Com o cenário de guerra na Ucrânia na ordem do dia e o regresso das tensões inflacionistas, é incontornável a necessidade de olhar para esta crise aberta no flanco oriental da UE e analisar as condições que a envolvem antes de se procurar uma solução duradoura para o problema.
Uma solução que não pode deixar de ser negociada – não só pela situação de conflito aberto como pela de radicalização dos intervenientes – e que só conhecerá real e duradouro sucesso se for feita num ambiente de conhecimento mútuo. É por isso, de extrema importância que a informação abranja mais que a retórica política e a propaganda de guerra, que é o que a generalidade da imprensa insiste em divulgar, quando a realidade (comprovável) parece até bem diferente. Basta ler as explicações que Victoria Nuland, a Subsecretária de Estado para os Assuntos Políticos do governo Biden, para confirmar que a crise ucraniana pouco ou nada tem a ver com a Ucrânia, mas sim com a Alemanha e, em particular, o interesse americano em sabotar o oleoduto Nord Stream 2 que liga aquele país europeu à Rússia e que é visto como uma forte ameaça à primazia norte americana na Europa.
Perante o forte apoio da opinião pública alemã ao gasoduto Nord Stream, indispensável após a decisão germânica de encerrar as suas centrais nucleares de produção de energia, o governo norte americano optou por uma nova abordagem. Já que as sanções previstas não iriam funcionar optou por criar uma ameaça externa suficientemente credível – e nada melhor que reviver uma avalanche militar oriunda do Leste – para que a Alemanha se visse forçada a bloquear a abertura do oleoduto e não só… para o que basta recordar antigas declarações de George Friedman (especialista em geopolítica e questões estratégicas de origem húngara, fundador e presidente da Geopolitical Futures e ex-presidente da Stratfor), segundo as quais o principal interesse que levou os EUA a disputarem guerras – como as duas guerras mundiais e a Guerra Fria – tem sido a relação entre a Alemanha e a Rússia, que quando unidas serão a única força que os pode ameaçar.
Basicamente, os EUA não querem que a Alemanha aumente a sua dependência do gás russo porque o comércio cria confiança e esta leva ao incremento do comércio, ao fortalecimento das relações, à redução das barreiras comerciais e da regulamentação, aumenta o intercâmbio turístico, assim se criando uma nova arquitectura de segurança. Parcerias comerciais e estreitamento de relações entre a Alemanha e a Rússia reduzem o espaço e a necessidade de bases militares dos EUA, de armamentos e de sofisticados (e caros) sistemas de mísseis norte americanos, e torna a NATO redundante.

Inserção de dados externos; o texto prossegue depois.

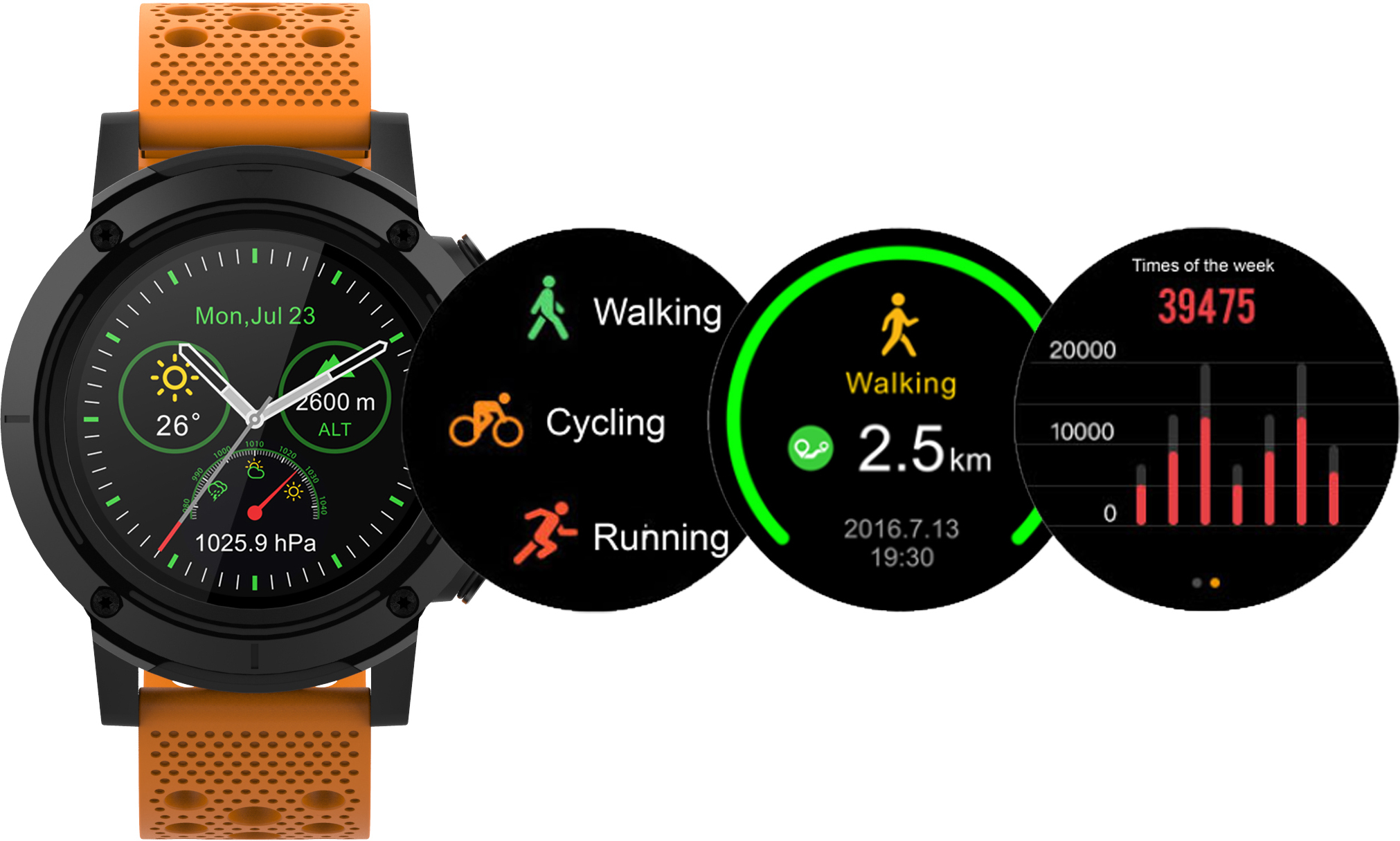 Denver SW-510ORANGE. Diagonal de la pantalla: 3,3 cm (1.3""), Pantalla táctil. GPS (satélite). Capacidad de batería: 500 mAh. Peso: 260 g. Color de banda: Naranja, Tamaño de banda: Talla única

E, para piorar, este cenário foi ainda agravado com o fim da necessidade de negociar acordos de energia em dólares (confirmado com o anúncio da imposição do pagamento em rublos do gás russo, medida que), o que significa ainda a redução da obrigatoriedade de armazenar títulos do Tesouro norte americano para equilibrar as balanças. As transacções entre parceiros de negócios podem ser realizadas nas suas próprias moedas, precipitando uma queda acentuada no valor do dólar e uma mudança radical no poder económico. É por isso que o governo Biden se opõe ao Nord Stream. Não é apenas um oleoduto, é uma perspectiva de futuro… um futuro em que a aproximação da Europa e da Ásia numa enorme zona de livre comércio que aumente o poder e a prosperidade mútua, deixará os EUA de fora, com menor capacidade de influência e acentuando o fim da ordem mundial “unipolar” que estes supervisionaram nos últimos 75 anos. Uma aliança germano-russa ameaça acelerar o declínio duma superpotência já vacilante. É por isso que manter a Alemanha dentro de sua órbita se transformou numa questão de sobrevivência para os EUA.
É esta questão de sobrevivência que levou à escolha da crise ucraniana (questão que não se iniciou com a invasão russa de Fevereiro, antes remonta ao princípio do século e à instabilidade política gerada entre pró-ocidentais e pró-russos, que conheceu os seus pontos altos na chamada Revolução Laranja de 2004, no Euromaidan e na ocupação da Crimeia, em 2014, e na guerra civil que desde então decorre no Dombass) como opção para sabotar o Nord Stream e, na boa linha do princípio de “dividir para reinar”, erguer uma barreira entre a Alemanha e a Rússia.